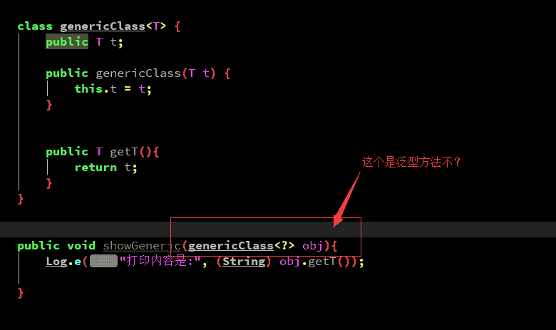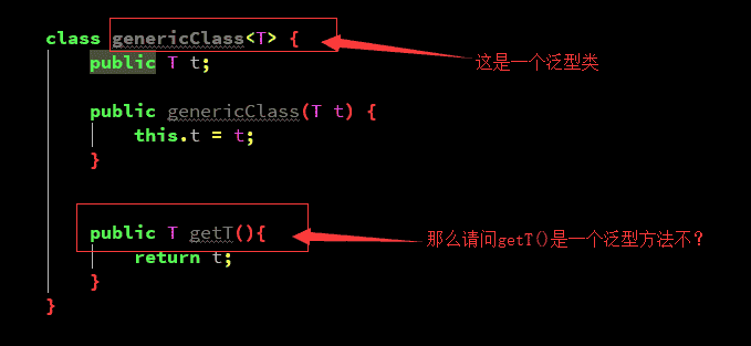 class genericClass<T> { public T t; public genericClass(T t) { this.t = t; } public T getT(){ return t; } //正确的泛型方法 public <T> T getGenericClassT(genericClass<T> obj){ return obj.getT(); } }
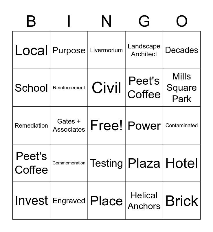 This bingo card has a free space and 24 words: Commemoration, Engraved, Civil, Invest, Decades, Local, School, Purpose, Power, Testing, Peet's Coffee, Remediation, Plaza, Hotel, Reinforcement, Helical Anchors, Contaminated, Livermorium, Mills Square Park, Gates + Associates, Brick, Peet's Coffee, Landscape Architect and Place.
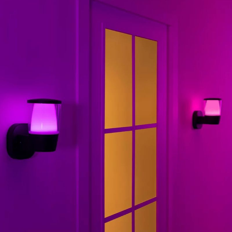 Este apliqué conectado directo a la tensión eléctrica, resistente a la intemperie y de diseño elegante dan un nuevo y emocionante giro a los clásicos apliques de pared para exteriores. Instálalas en tu jardín delantero, jardín trasero, balcón o porche para obtener 400 lúmenes de hermosa luz. Selecciona entre millones de colores, blancos cálidos a fríos y modos de luz dinámicos mediante la conexión a tu Wi-Fi existente.
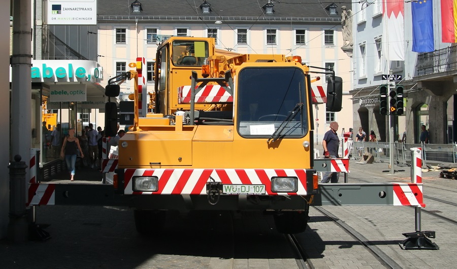 Beim Austausch von Weichen der Würzburger Straßenbahn wurden zwei Krane des Würzburger Kranverleihs eingesetzt.
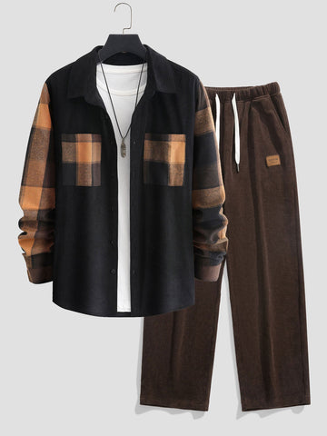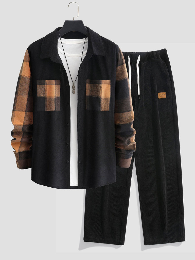 Plaid Corduroy Panel Shirt & Straight Leg Corduroy Pants

++++

§ What the exercise asks
The whole listing must come back verbatim, with no pictures included.

§ Response for this exercise
 class genericClass<T> { public T t; public genericClass(T t) { this.t = t; } public T getT(){ return t; } //正确的泛型方法 public <T> T getGenericClassT(genericClass<T> obj){ return obj.getT(); } }
 This bingo card has a free space and 24 words: Commemoration, Engraved, Civil, Invest, Decades, Local, School, Purpose, Power, Testing, Peet's Coffee, Remediation, Plaza, Hotel, Reinforcement, Helical Anchors, Contaminated, Livermorium, Mills Square Park, Gates + Associates, Brick, Peet's Coffee, Landscape Architect and Place.
 Este apliqué conectado directo a la tensión eléctrica, resistente a la intemperie y de diseño elegante dan un nuevo y emocionante giro a los clásicos apliques de pared para exteriores. Instálalas en tu jardín delantero, jardín trasero, balcón o porche para obtener 400 lúmenes de hermosa luz. Selecciona entre millones de colores, blancos cálidos a fríos y modos de luz dinámicos mediante la conexión a tu Wi-Fi existente.
 Beim Austausch von Weichen der Würzburger Straßenbahn wurden zwei Krane des Würzburger Kranverleihs eingesetzt.
 Plaid Corduroy Panel Shirt & Straight Leg Corduroy Pants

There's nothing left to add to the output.